### Your task
Make an exact copy of the records below, leaving every image out.

· · · · ·

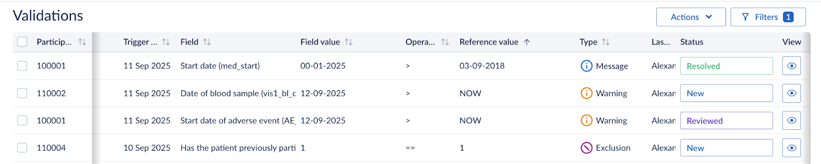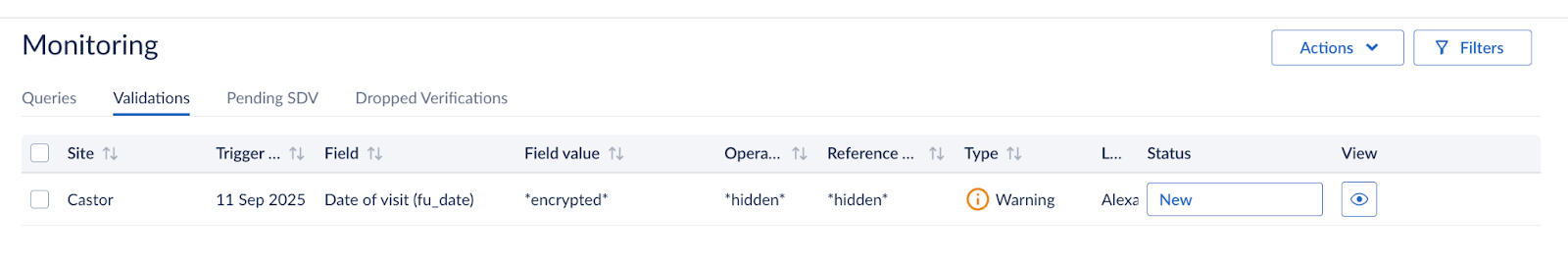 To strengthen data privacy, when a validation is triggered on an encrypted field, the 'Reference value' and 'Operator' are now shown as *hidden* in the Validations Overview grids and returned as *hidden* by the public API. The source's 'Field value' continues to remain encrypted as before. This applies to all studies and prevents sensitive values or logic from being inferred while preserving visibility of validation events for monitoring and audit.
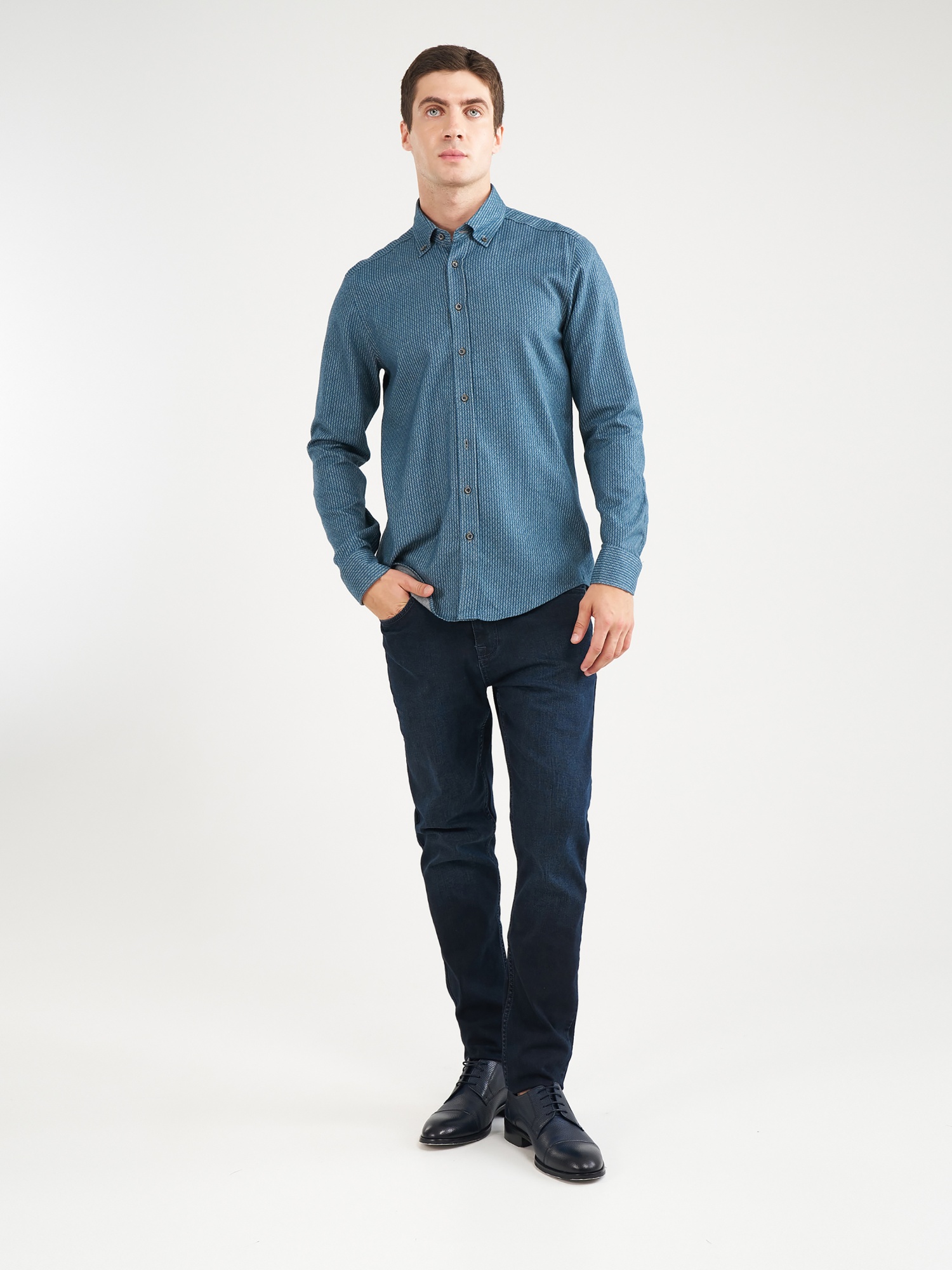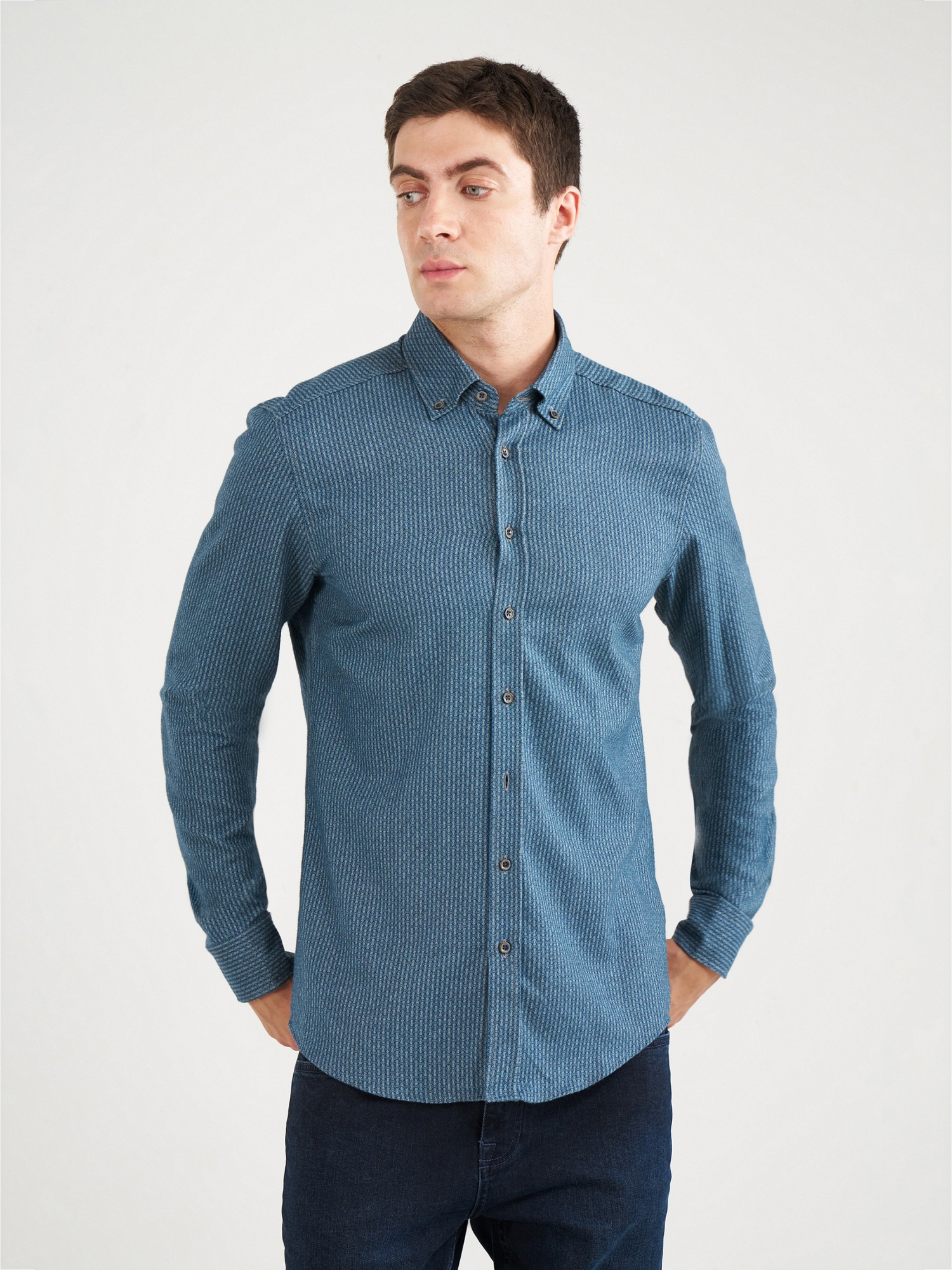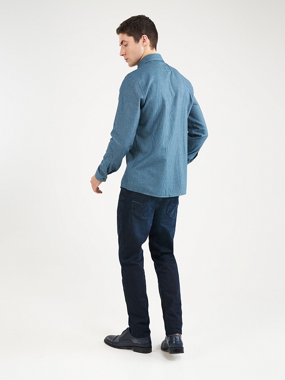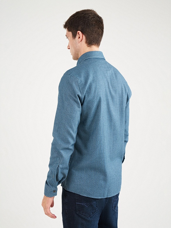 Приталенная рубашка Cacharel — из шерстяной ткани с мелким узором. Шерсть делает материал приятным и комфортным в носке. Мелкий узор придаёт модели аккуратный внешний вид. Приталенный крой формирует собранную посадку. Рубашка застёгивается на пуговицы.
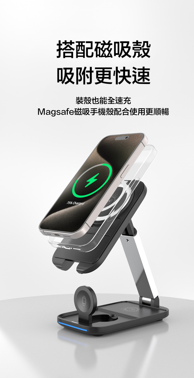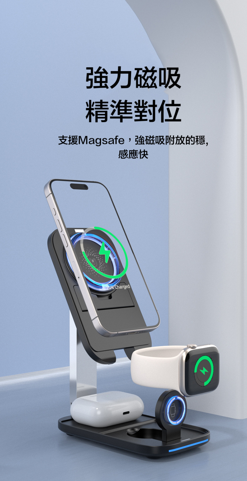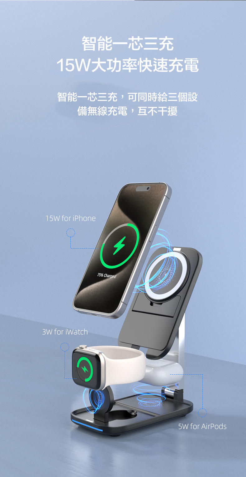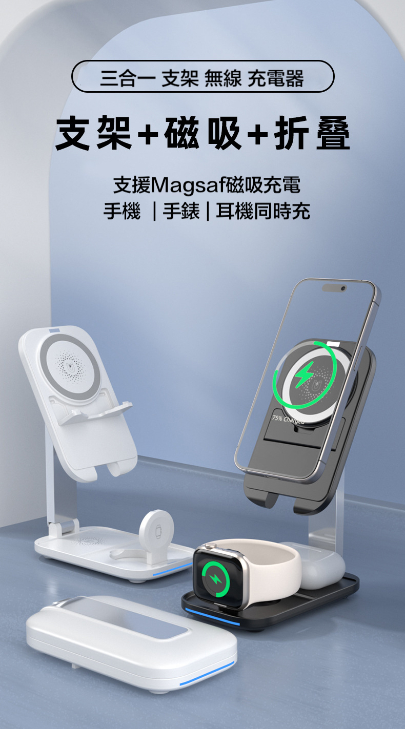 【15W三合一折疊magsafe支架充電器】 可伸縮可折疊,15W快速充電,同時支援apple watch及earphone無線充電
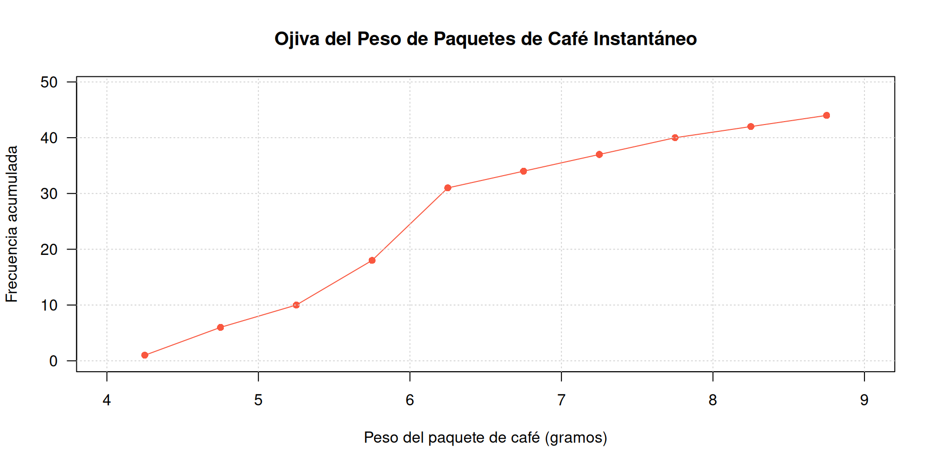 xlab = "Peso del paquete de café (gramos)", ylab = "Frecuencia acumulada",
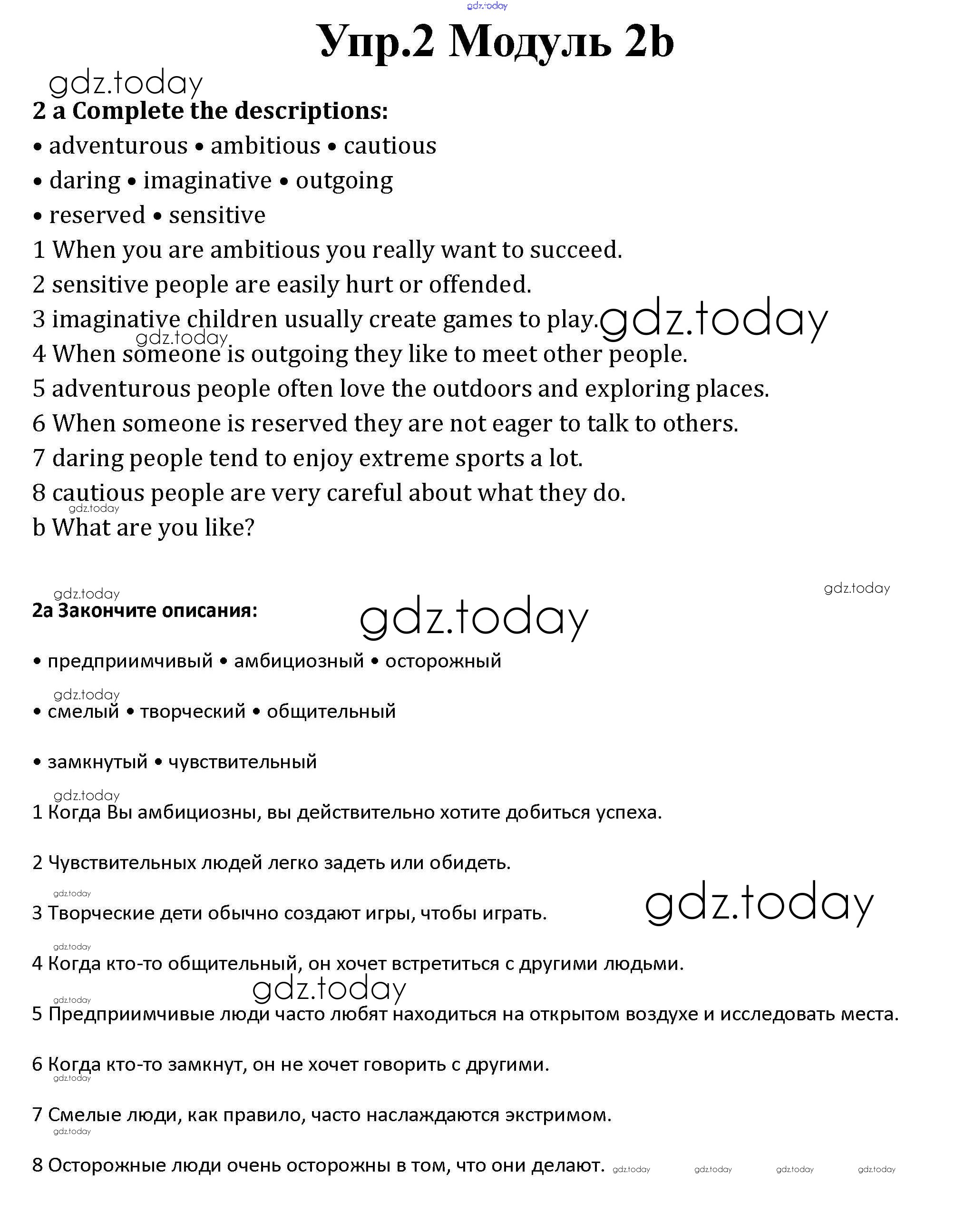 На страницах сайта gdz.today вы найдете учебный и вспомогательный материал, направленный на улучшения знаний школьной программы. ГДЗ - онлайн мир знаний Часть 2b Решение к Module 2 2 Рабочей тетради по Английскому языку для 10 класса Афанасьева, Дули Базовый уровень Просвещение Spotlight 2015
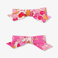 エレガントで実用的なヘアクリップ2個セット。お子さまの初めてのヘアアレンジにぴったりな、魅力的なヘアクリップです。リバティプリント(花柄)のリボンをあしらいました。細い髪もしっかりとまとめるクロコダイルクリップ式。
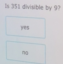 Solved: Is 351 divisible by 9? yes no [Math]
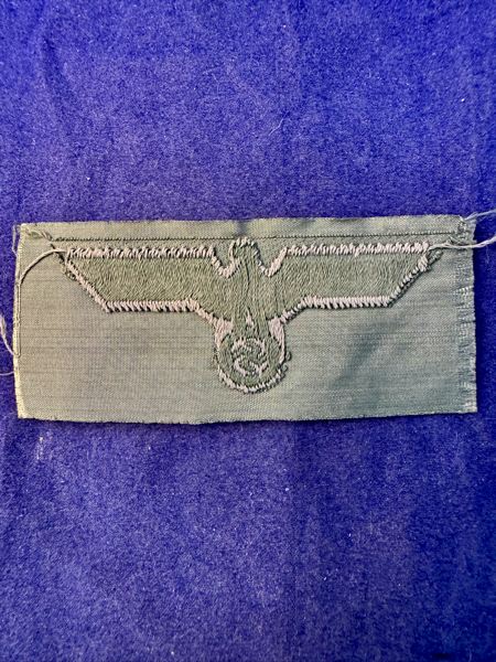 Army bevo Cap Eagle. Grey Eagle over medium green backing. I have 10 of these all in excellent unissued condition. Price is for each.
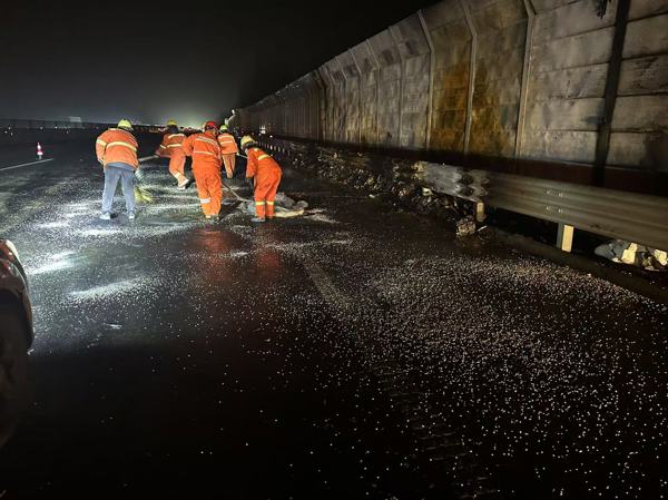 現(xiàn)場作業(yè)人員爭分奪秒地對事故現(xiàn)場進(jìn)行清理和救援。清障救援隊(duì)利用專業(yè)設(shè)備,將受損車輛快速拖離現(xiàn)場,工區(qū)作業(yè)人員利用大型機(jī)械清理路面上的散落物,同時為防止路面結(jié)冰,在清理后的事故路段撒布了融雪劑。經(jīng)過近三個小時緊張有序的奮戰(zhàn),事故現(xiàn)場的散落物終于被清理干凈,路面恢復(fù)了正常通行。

· · · · ·

### Solution for this task
 To strengthen data privacy, when a validation is triggered on an encrypted field, the 'Reference value' and 'Operator' are now shown as *hidden* in the Validations Overview grids and returned as *hidden* by the public API. The source's 'Field value' continues to remain encrypted as before. This applies to all studies and prevents sensitive values or logic from being inferred while preserving visibility of validation events for monitoring and audit.
 Приталенная рубашка Cacharel — из шерстяной ткани с мелким узором. Шерсть делает материал приятным и комфортным в носке. Мелкий узор придаёт модели аккуратный внешний вид. Приталенный крой формирует собранную посадку. Рубашка застёгивается на пуговицы.
 【15W三合一折疊magsafe支架充電器】 可伸縮可折疊,15W快速充電,同時支援apple watch及earphone無線充電
 xlab = "Peso del paquete de café (gramos)", ylab = "Frecuencia acumulada",
 На страницах сайта gdz.today вы найдете учебный и вспомогательный материал, направленный на улучшения знаний школьной программы. ГДЗ - онлайн мир знаний Часть 2b Решение к Module 2 2 Рабочей тетради по Английскому языку для 10 класса Афанасьева, Дули Базовый уровень Просвещение Spotlight 2015
 エレガントで実用的なヘアクリップ2個セット。お子さまの初めてのヘアアレンジにぴったりな、魅力的なヘアクリップです。リバティプリント(花柄)のリボンをあしらいました。細い髪もしっかりとまとめるクロコダイルクリップ式。
 Solved: Is 351 divisible by 9? yes no [Math]
 Army bevo Cap Eagle. Grey Eagle over medium green backing. I have 10 of these all in excellent unissued condition. Price is for each.
 現(xiàn)場作業(yè)人員爭分奪秒地對事故現(xiàn)場進(jìn)行清理和救援。清障救援隊(duì)利用專業(yè)設(shè)備,將受損車輛快速拖離現(xiàn)場,工區(qū)作業(yè)人員利用大型機(jī)械清理路面上的散落物,同時為防止路面結(jié)冰,在清理后的事故路段撒布了融雪劑。經(jīng)過近三個小時緊張有序的奮戰(zhàn),事故現(xiàn)場的散落物終于被清理干凈,路面恢復(fù)了正常通行。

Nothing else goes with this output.